REQUIRED ACTION: The listing is to be returned word for word, without its images.

SUPPLIED MATERIAL:
========================================================================

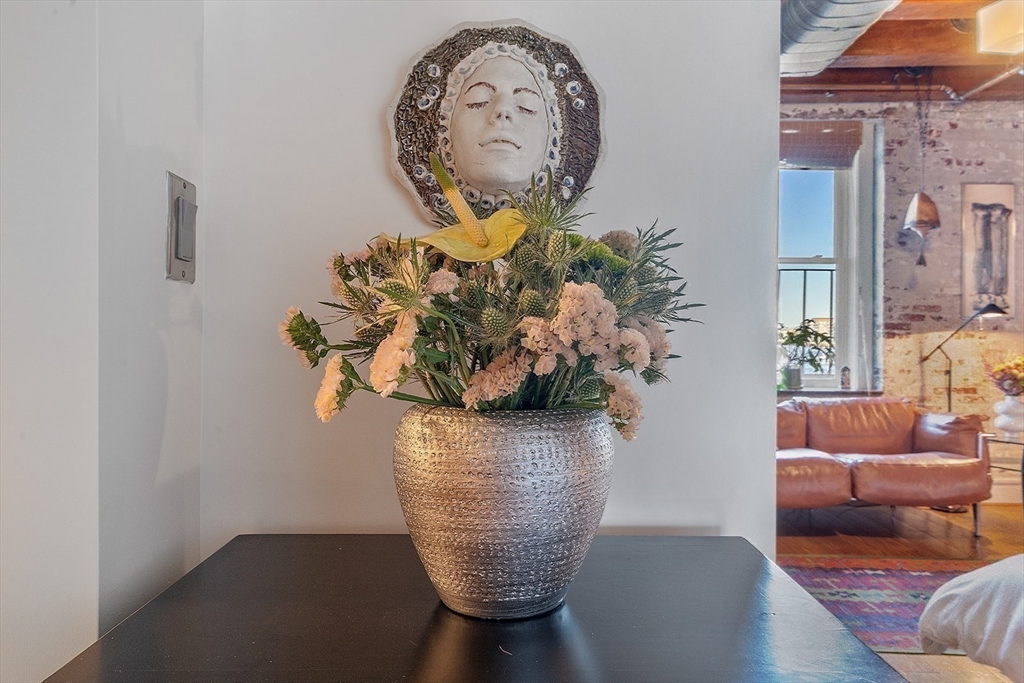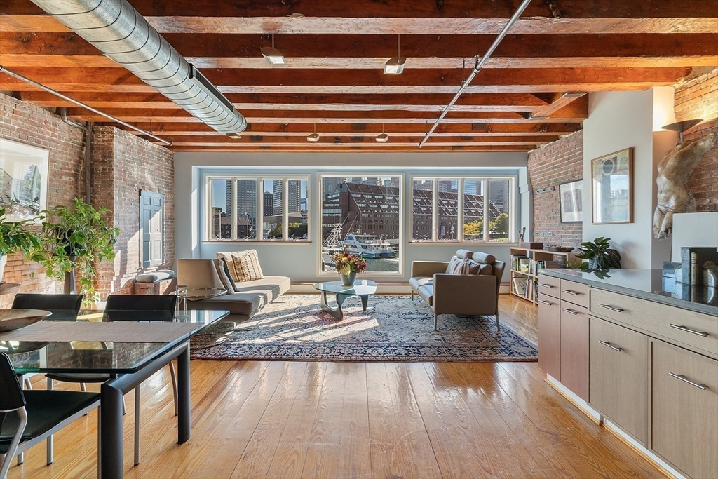 Commercial Wharf: A rare opportunity to own a second floor loft space with stunning harbor views. This creative sanctuary features 10 foot high ceilings, lots of sunlight, wood floors, exposed brick and beams. The view to the south is the Christopher Columbus Park and the iconic Boston city skyline. To the north is the working harbor with tugs, ferries, tankers, beautiful yachts and sailboats. The spacious open floor plan comprises a combined living and dining area, along with a wet bar and office. There is a large kitchen, a sizable bedroom, a stylish half bath and a full bath with laundry. Antique built-in safe, abundant closets and cabinets, plus deeded basement storage. Steps from busy North End cafes, restaurants and shops, Commercial Wharf is surprisingly quiet. On-site parking is available for you and your guests.
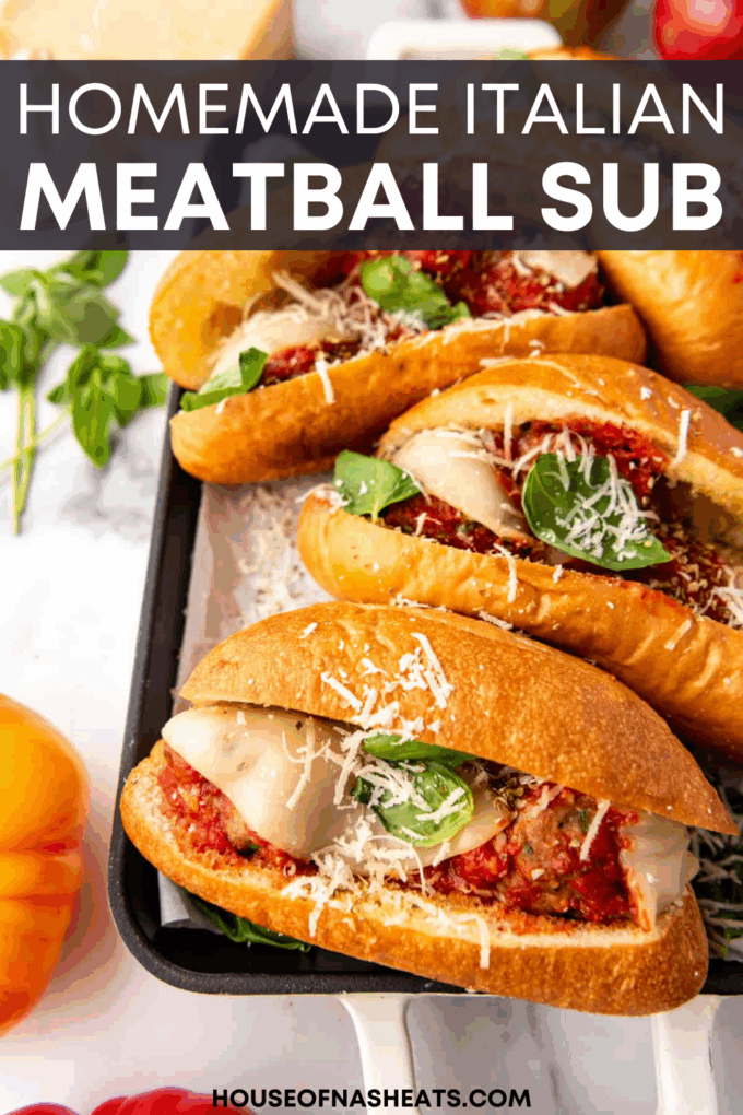 Reheat the meatballs and sauce in a saucepan or microwave until hot, then assemble and toast in the oven to re-crisp the rolls and melt the cheese. You can also reheat a fully assembled sandwich in the air fryer at 350°F for 4-5 minutes to warm it through and get the bread nice and toasty again.
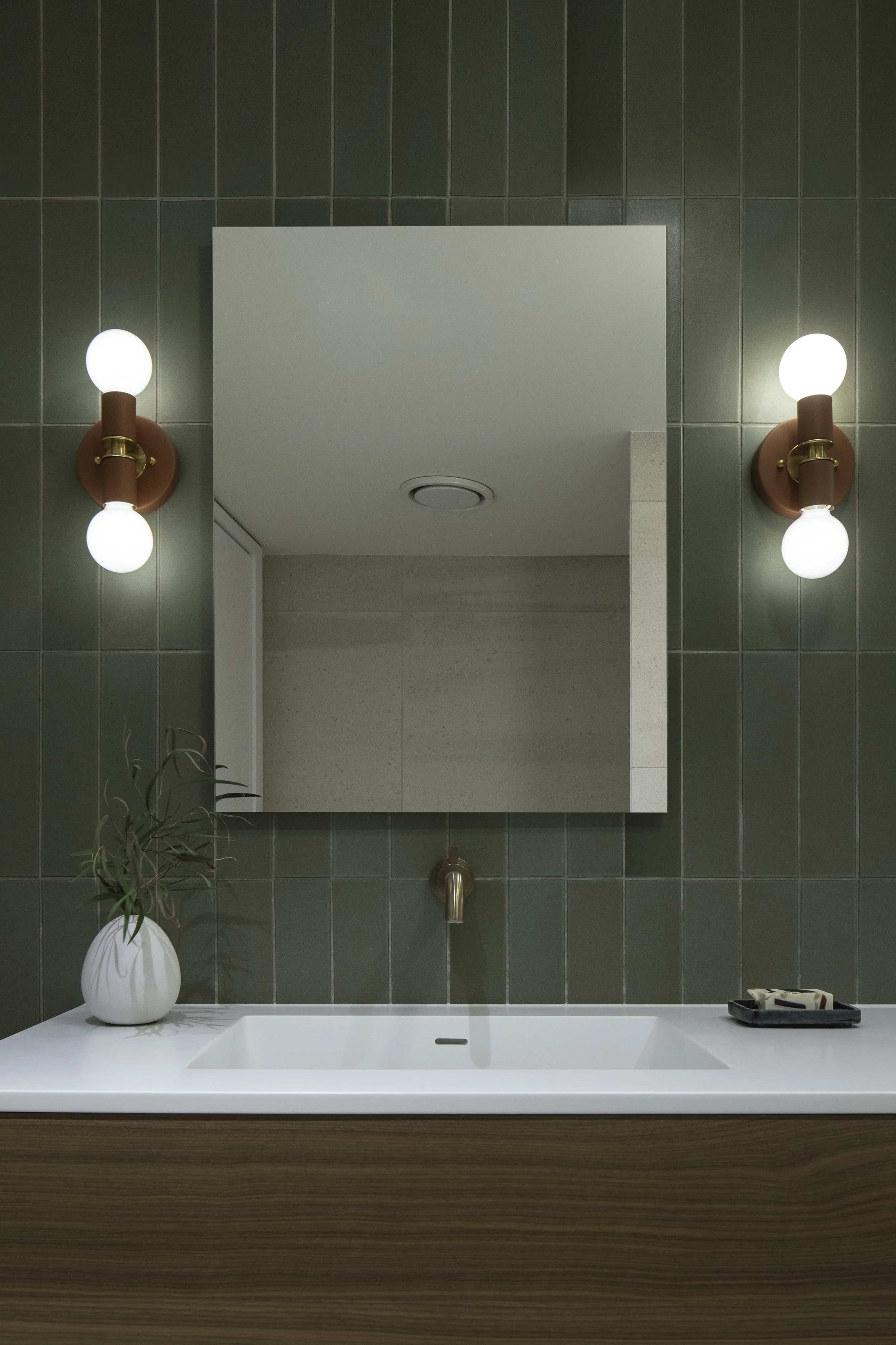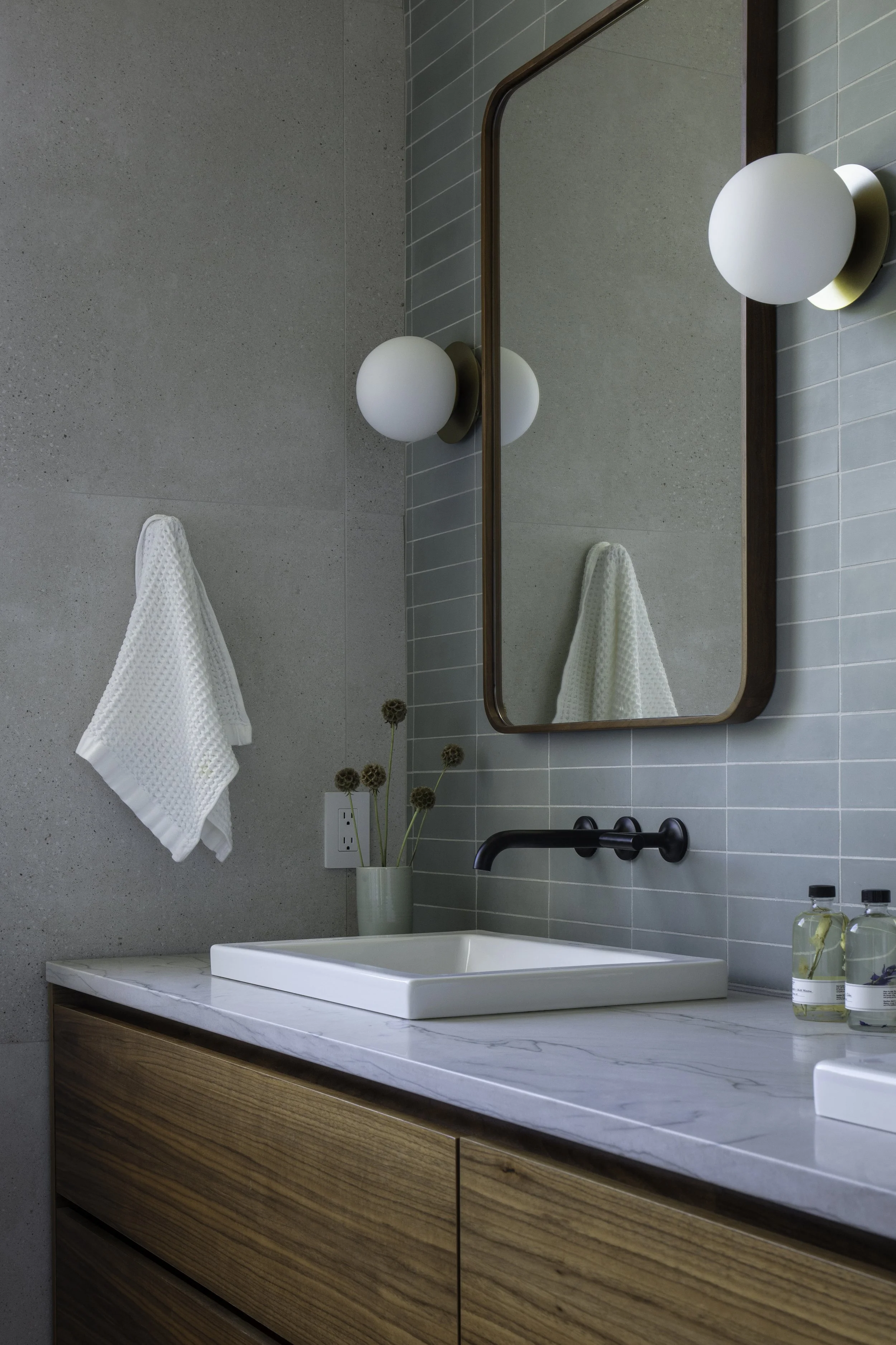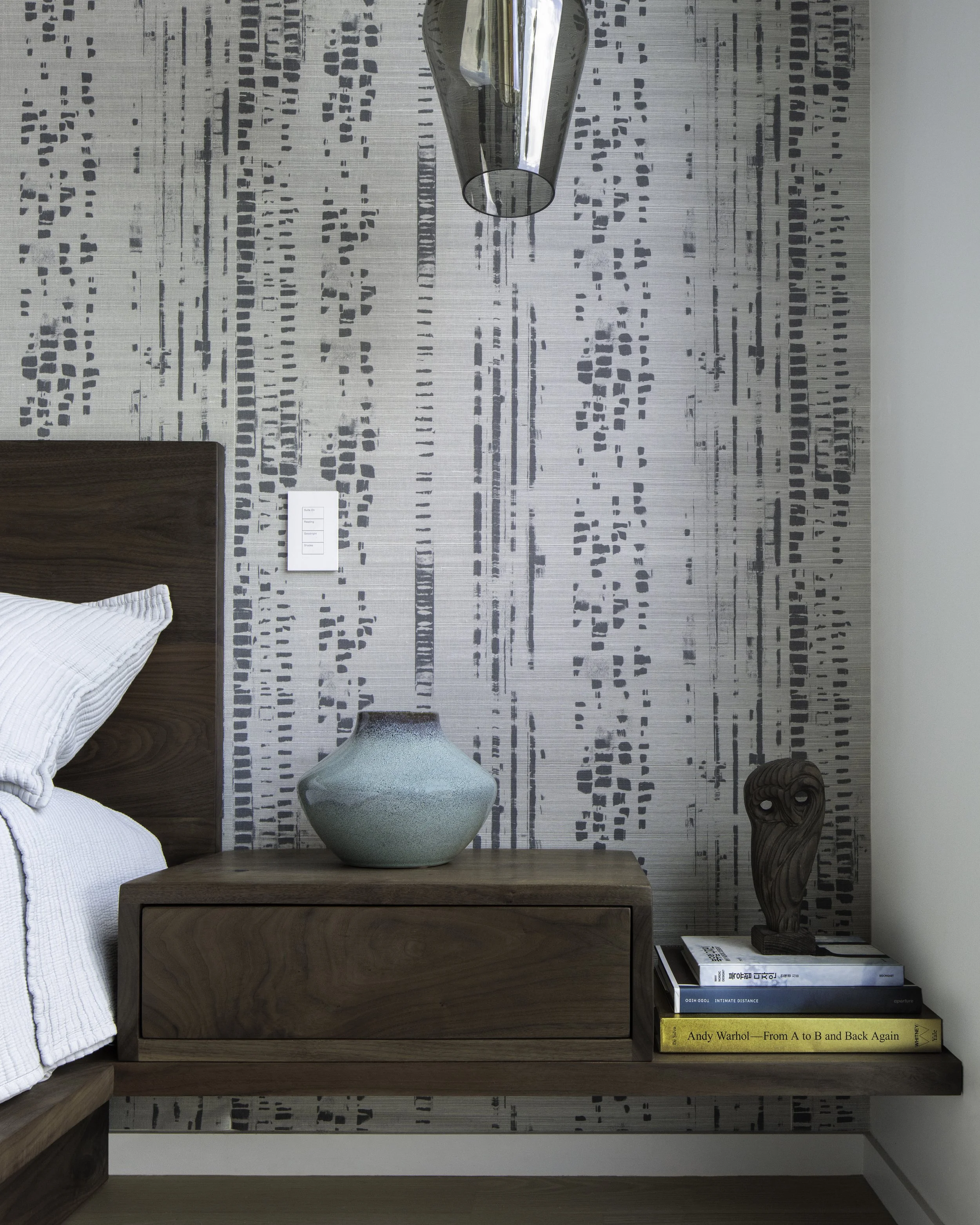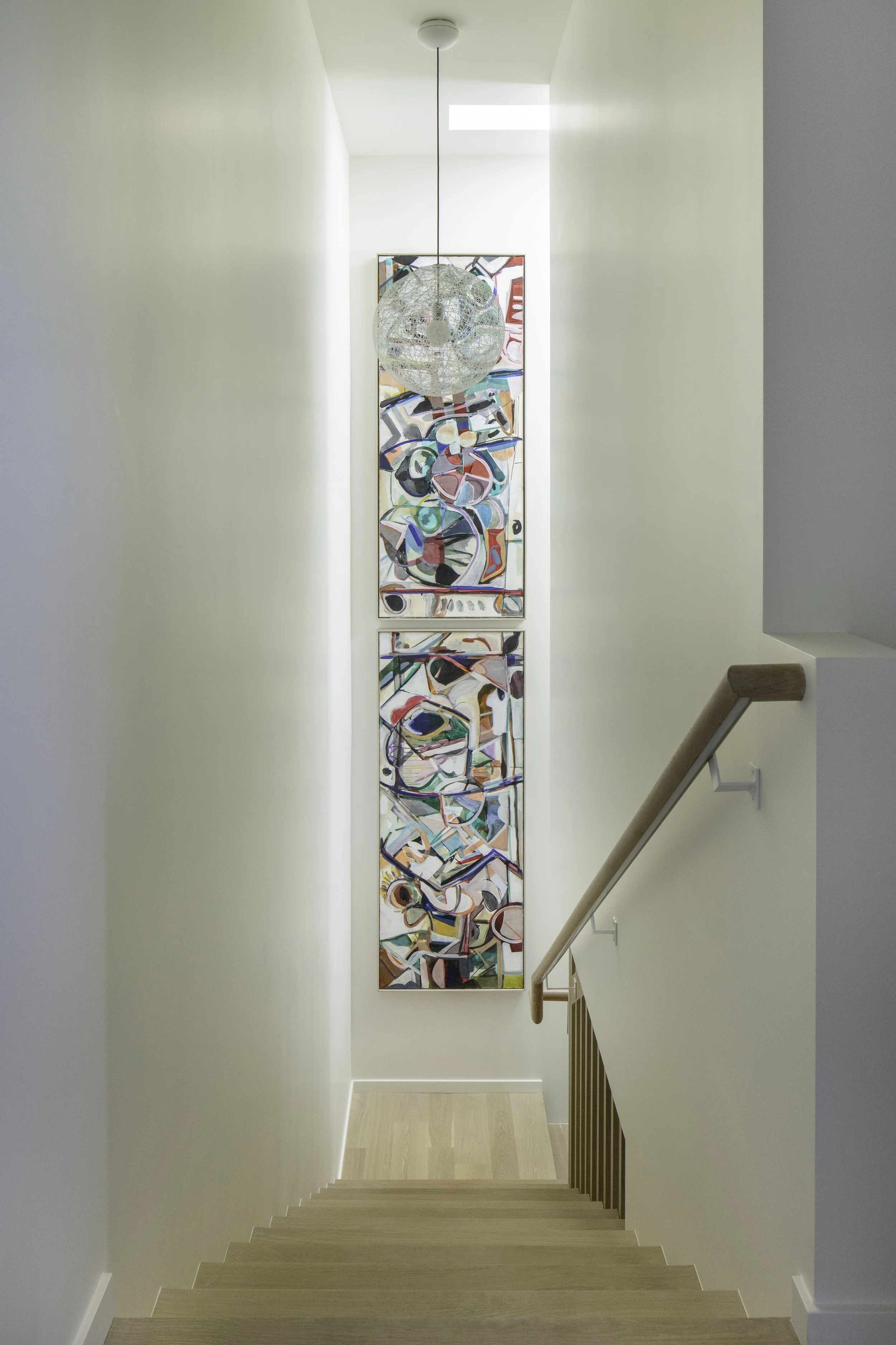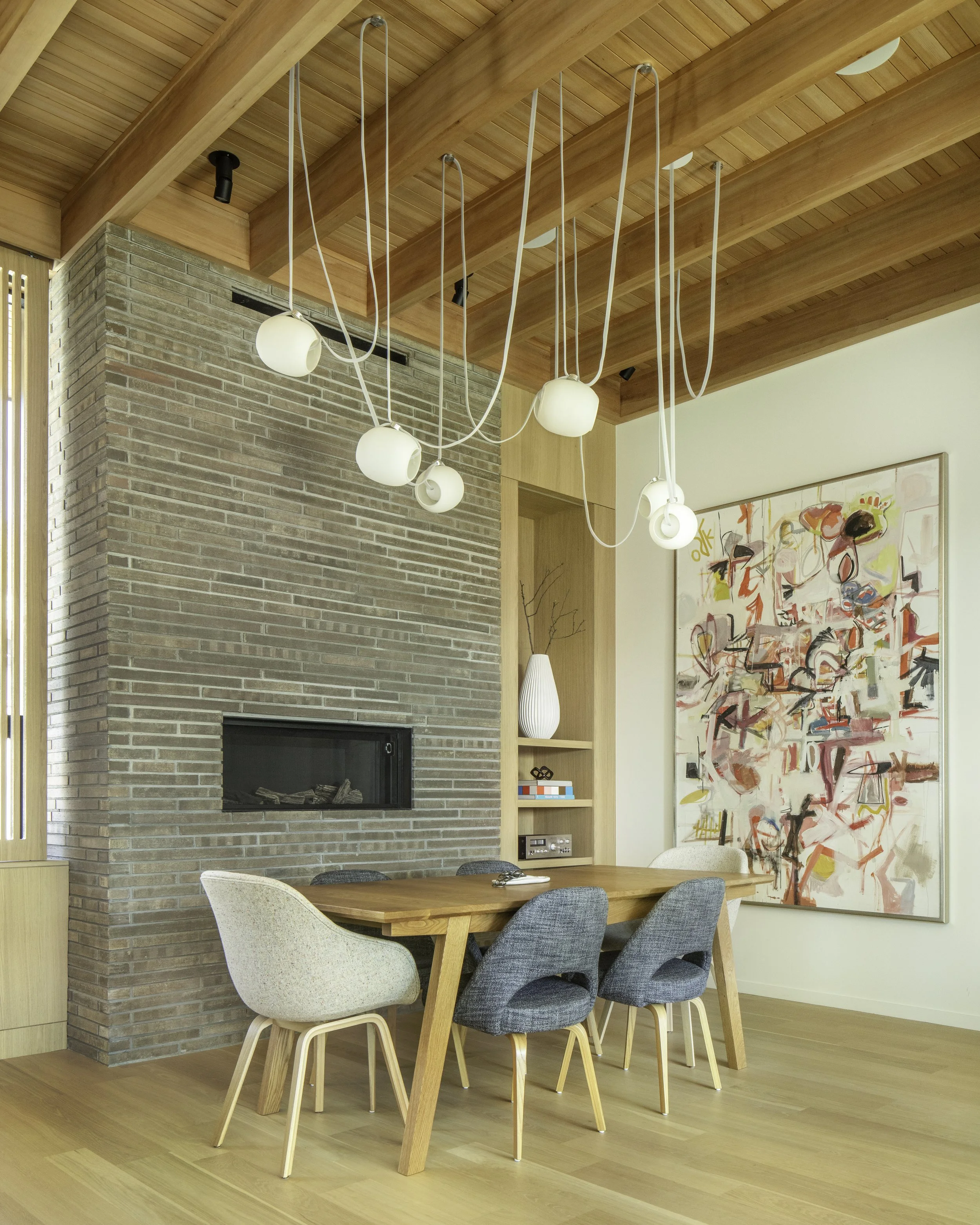 Custom, natural materials give the architecture depth and warmth, while a layered lighting approach shifts the mood throughout the day, energizing mornings and softening evenings. Color in the furniture and tile was carefully chosen to live comfortably alongside the clients’ art collection.

========================================================================

EXERCISE SOLUTION:
 Commercial Wharf: A rare opportunity to own a second floor loft space with stunning harbor views. This creative sanctuary features 10 foot high ceilings, lots of sunlight, wood floors, exposed brick and beams. The view to the south is the Christopher Columbus Park and the iconic Boston city skyline. To the north is the working harbor with tugs, ferries, tankers, beautiful yachts and sailboats. The spacious open floor plan comprises a combined living and dining area, along with a wet bar and office. There is a large kitchen, a sizable bedroom, a stylish half bath and a full bath with laundry. Antique built-in safe, abundant closets and cabinets, plus deeded basement storage. Steps from busy North End cafes, restaurants and shops, Commercial Wharf is surprisingly quiet. On-site parking is available for you and your guests.
 Reheat the meatballs and sauce in a saucepan or microwave until hot, then assemble and toast in the oven to re-crisp the rolls and melt the cheese. You can also reheat a fully assembled sandwich in the air fryer at 350°F for 4-5 minutes to warm it through and get the bread nice and toasty again.
 Custom, natural materials give the architecture depth and warmth, while a layered lighting approach shifts the mood throughout the day, energizing mornings and softening evenings. Color in the furniture and tile was carefully chosen to live comfortably alongside the clients’ art collection.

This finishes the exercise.